┌─ RAW DATA

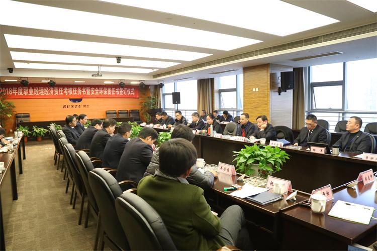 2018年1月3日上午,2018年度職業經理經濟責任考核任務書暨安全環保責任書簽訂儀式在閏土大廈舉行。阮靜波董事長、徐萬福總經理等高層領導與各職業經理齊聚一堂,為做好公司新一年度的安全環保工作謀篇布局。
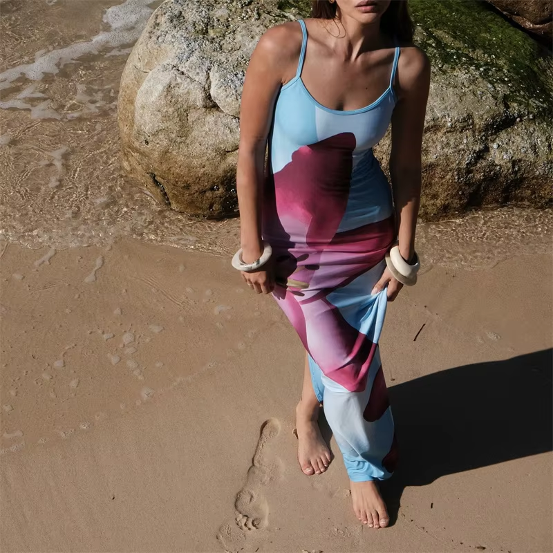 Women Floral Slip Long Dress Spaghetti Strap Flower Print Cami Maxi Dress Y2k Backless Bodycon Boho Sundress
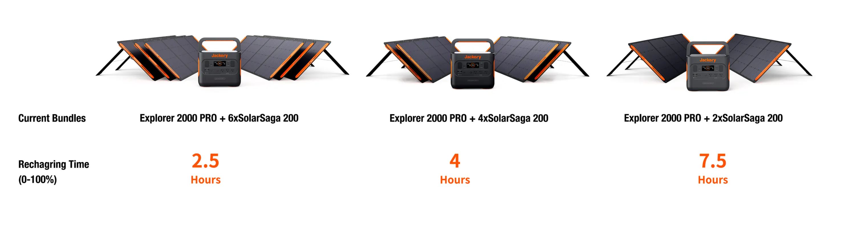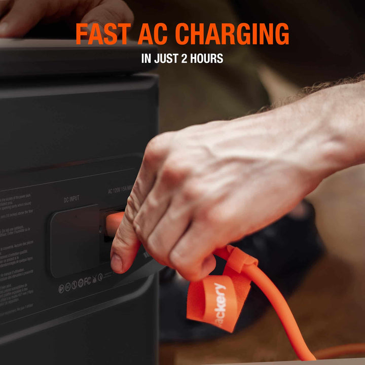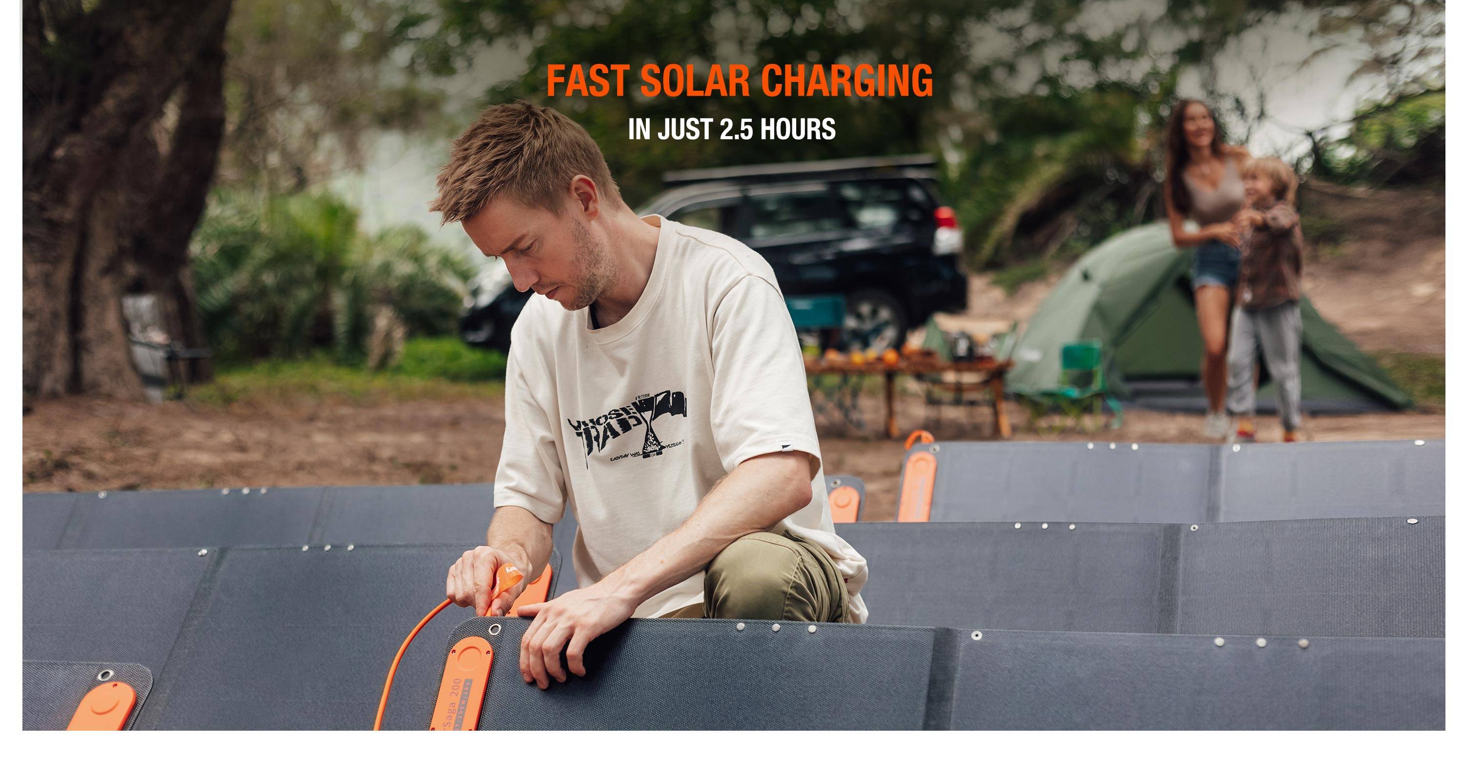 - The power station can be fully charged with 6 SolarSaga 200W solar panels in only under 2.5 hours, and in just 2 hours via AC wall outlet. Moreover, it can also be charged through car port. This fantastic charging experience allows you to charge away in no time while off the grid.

└─

§ TO DO
Leaving the pictures aside, copy exactly and only the lines from the one holding "Women Floral Slip" through the final line of the data, both ends kept.

§ FINISHED EXERCISE
 Women Floral Slip Long Dress Spaghetti Strap Flower Print Cami Maxi Dress Y2k Backless Bodycon Boho Sundress
 - The power station can be fully charged with 6 SolarSaga 200W solar panels in only under 2.5 hours, and in just 2 hours via AC wall outlet. Moreover, it can also be charged through car port. This fantastic charging experience allows you to charge away in no time while off the grid.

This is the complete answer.